Freely translated by Anoosha Boralessa (June 2015). Not revised nor any other organization or person.

ICSID: Ruling Favours Venezuela and Raises doubts for Costa Rica

Author: Nicolas Boeglin (*)

The International Centre for Dispute Settlement between foreign investors and states (better known as ICSID) is an organization that forms part of the World Bank. Its mandate is to resolve disputes that arise between foreign investors and a state. ICSID was set up under the Washington Convention 1965. A few days ago, ICSID published an award rendered last December 12, 2012 ruling on a claim filed by a Canadian mining company, Vanessa Ventures against Venezuela in 2004. An ICSID tribunal ruled (a unanimous decision of all three of its arbitrators), on all aspects of the claim for US$ 1,045 million. Vanessa Ventures filed the claim against Venezuela on 9 July 2004. This ruling was rendered in Venezuela’s favour and had to be complied with by 24 January 2012, the very year Venezuela officially announced its withdrawal from ICSID. Indeed Venezuela announced its formal denunciation from the Washington Convention on 24 January 2012 (see the note with the text of the communication). Since April 2012, Argentina has been discussing the option of withdrawing. Last week’s press releases on the meeting between the European Union and CELAC claimed that Argentina iseven trying to challenge the validity of some 50 investment treaties (BITs) which were signed in the 1990s and form the basis for 43 ongoing ICSID claims. In a recent case, Ecuador denounced what it deemed an abuse by ICSID: an order to pay compensation of more than US$ 1,700 million to two North American oil companies. In October 2012, Ecuador announced that it would appeal the ICSID decision. This may be considered a fresh strike against ICSID.

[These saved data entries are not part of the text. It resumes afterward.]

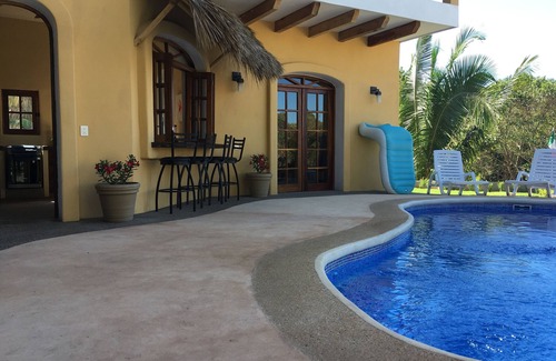 We have a king size master bedroom with walk in closet and double sinks. This room has fabulous views of the ocean from the balcony. The second bedroom is a queen size bed and it's own bathroom with a balcony and large window with breathtaking ocean views. There is a spare room with a 3rd queen size bed. We have a full kitchen with filtered drinking water, microwave, stove/oven, coffee maker, blender and cooking pots and pans and a refrigerator with an ice maker. The pool and patio living area is surrounded by grass and closed in yard that is outlined by lush shrubs. There is a fountain that runs in the pool to offer a tranquil water sound. The back yard has a bbq. You can hear the ocean from the house but removed from all the noise from town. Very comfortable home with excellent caretakers. There are boogie boards for you to use at the beach and beach towels. We have and outdoor shower for you to rinse off when you come from the beach and before entering the house. There is an outdoor spigot for you near the pool if you need to rinse feet before entering the pool.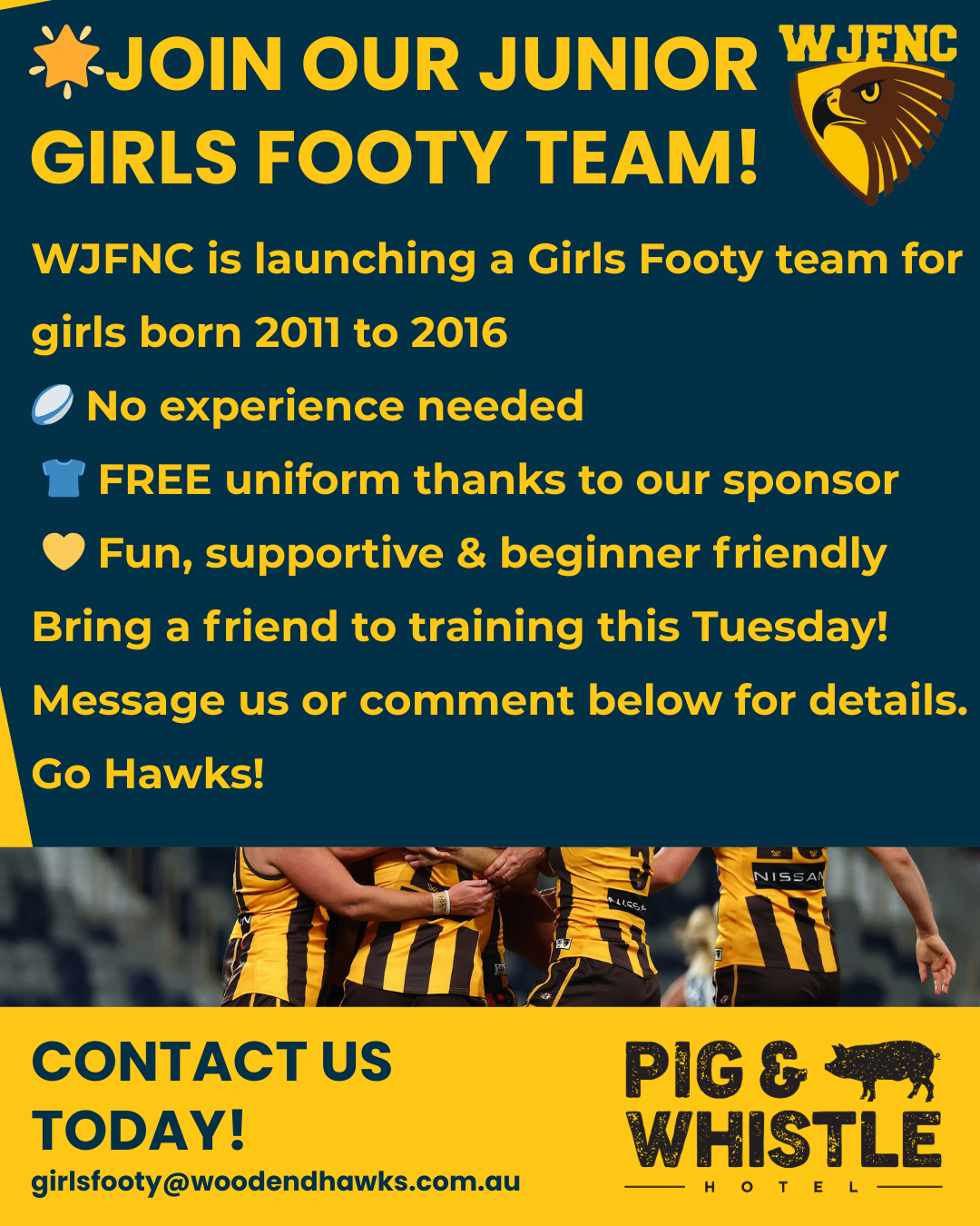 WJFNC is built on respect, teamwork and inclusion. We work closely with families, schools and the broader Woodend community to create positive sporting experiences for all participants.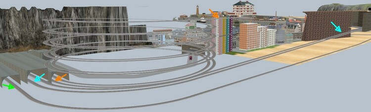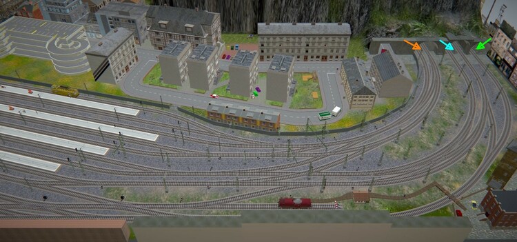 Auf der Südseite führen die Strecken über einen Gleiswendel zum Bahnhof 6 (oranger Pfeil), über eine Rampe zum Bahnhof 3 (blauer Pfeil) und ebenerdig einmal um die gesamte Außenkante entlang zum Hafen unterhalb vom Bahnhof 2 (grüner Pfeil). Bild 13: Bahnhof 1 (Hbf) Südseite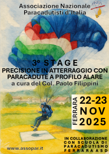E’ stato programmato il 3° stage di avviamento e perfezionamento ai lanci di precisione in atterraggio con paracadute a profilo alare, diretto dal Col. (Ris.) Paolo Filippini.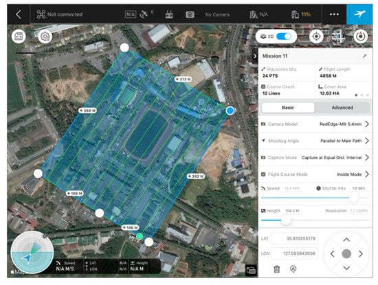 The DJI GS Pro S/W was used to establish the UAV flight plan, as shown in Figure 4. The degree of longitudinal and lateral redundancy were designed to be 80% and 70%, respectively, and photography was performed at a flight altitude of about 100 m to acquire images with a resolution of 6 cm. Radiometric calibration was performed before the flight using a calibrated reflectance panel (CRP) and the incident light sensor of the Micasense RedEdge MX camera.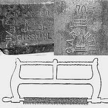 | Jackob Busch | Peter Jackob Wilhelm Busch | 1823 | Remscheid | NĚmecko | 2009 (součástí Wilh. Schmitt & Comp. - dříve Kirschen) | ![]() | Pila, text: Einster Gusstahl, Garantie, Spannsage | dláta, pily, truhlářské nářadí | ||||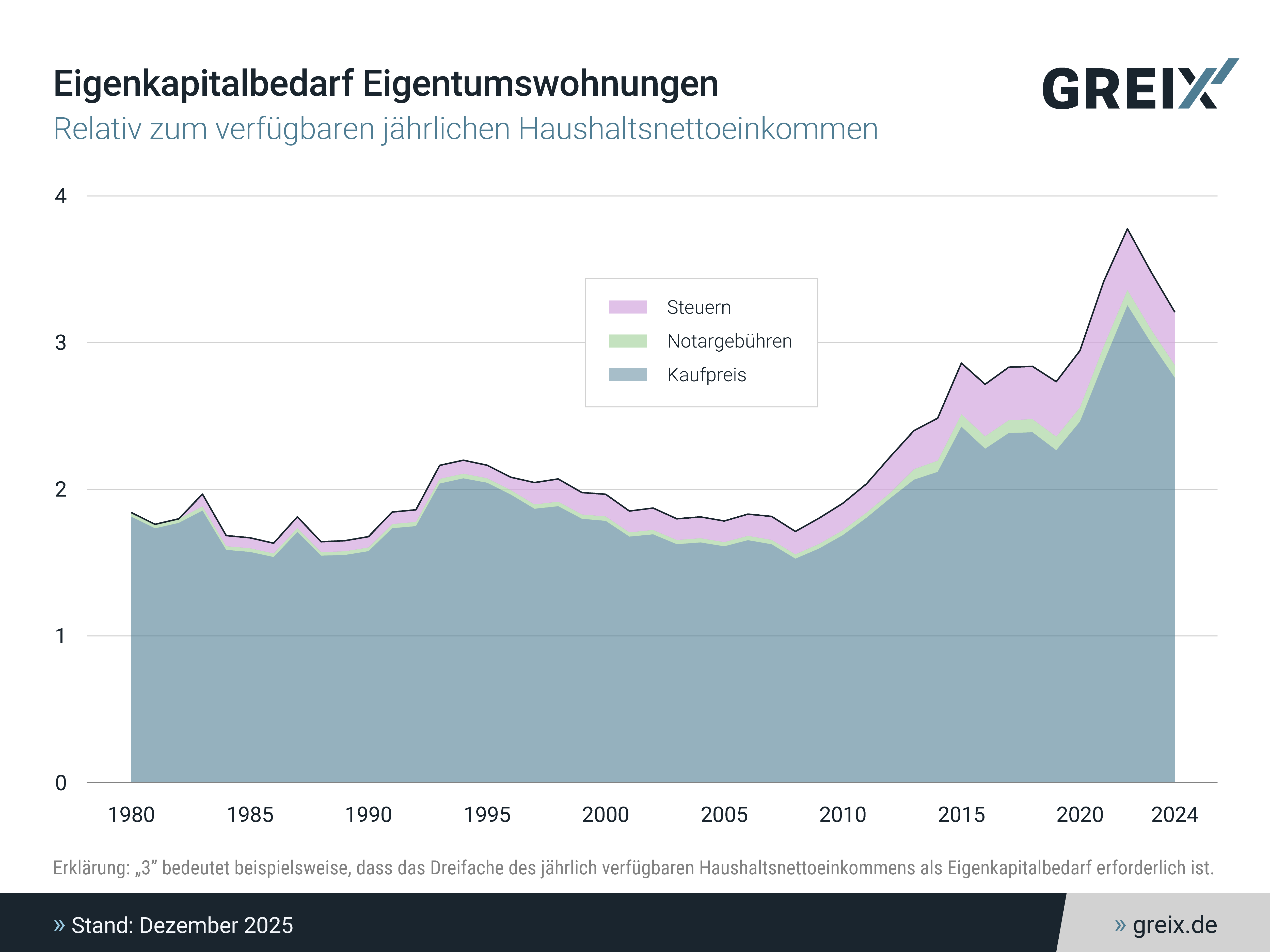 Demnach ist der Immobilienkauf heute durch eine deutlich gestiegene Eigenkapitalquote sehr viel schwerer geworden. In den 1980er-Jahren reichte für die Finanzierung einer Eigentumswohnung im Schnitt etwa das 1,7-Fache des Jahreshaushaltseinkommens, heute sind mehr als 3 Jahresgehälter nötig.

It must be pointed out that contrary to a common misconception in some circles, ICSID is not generally accepted in Latin America:
 In the region near Central America, the Dominican Republic is not party to the ICSID Convention. The same goes for Cuba and Canada.
 Similarly, Mexico takes pains to distance itself from this mechanism (a position that is qualified by specialists as ranging from wise and rebellious)
 Several English-speaking Caribbean states are outside the ICSID system. They are Antigua and Barbuda; Belize; Dominica (Commonwealth of) and Suriname.
As far as South America goes, Brazil has not ratified (nor even signed) the ICSID Convention and does not have the least intention of doing so since it is now the 6th global economy and receives the highest volume of foreign investment on the continent.
What is more, Brazil demonstrates that failure to ratify BITs (bilateral investment treaties) does not significantly affect foreign investment flow. In contrast to many states in the region, there is no BIT that creates obligations for Brazil even though Brazil has signed a number of them.

As for Venezuela, in 2008 it denounced the BIT it signed with Holland, possibly (according to a recent study p.12) “because enterprises had often chosen Holland to register their subsidiaries and to restructure their investments”. The effects of the network that consists of more than 50 BITs concluded by a state such as Argentina from the beginning of the 90s (see study) largely explains the unusual number of ICSID claims that have been filed against Argentina. These claims have been filed by private concessions and have led Argentina to establish “an entity entrusted to defend the state against such investor-state claims. This entity was Unidad de Asistencia para la Defensa Arbitral. The chairman of this body is the Attorney General (Procuración del Tesoro de la Nácion), the President’s legal adviser of the highest rank. (Study of Patzi Zabalo, op. cit, p 19).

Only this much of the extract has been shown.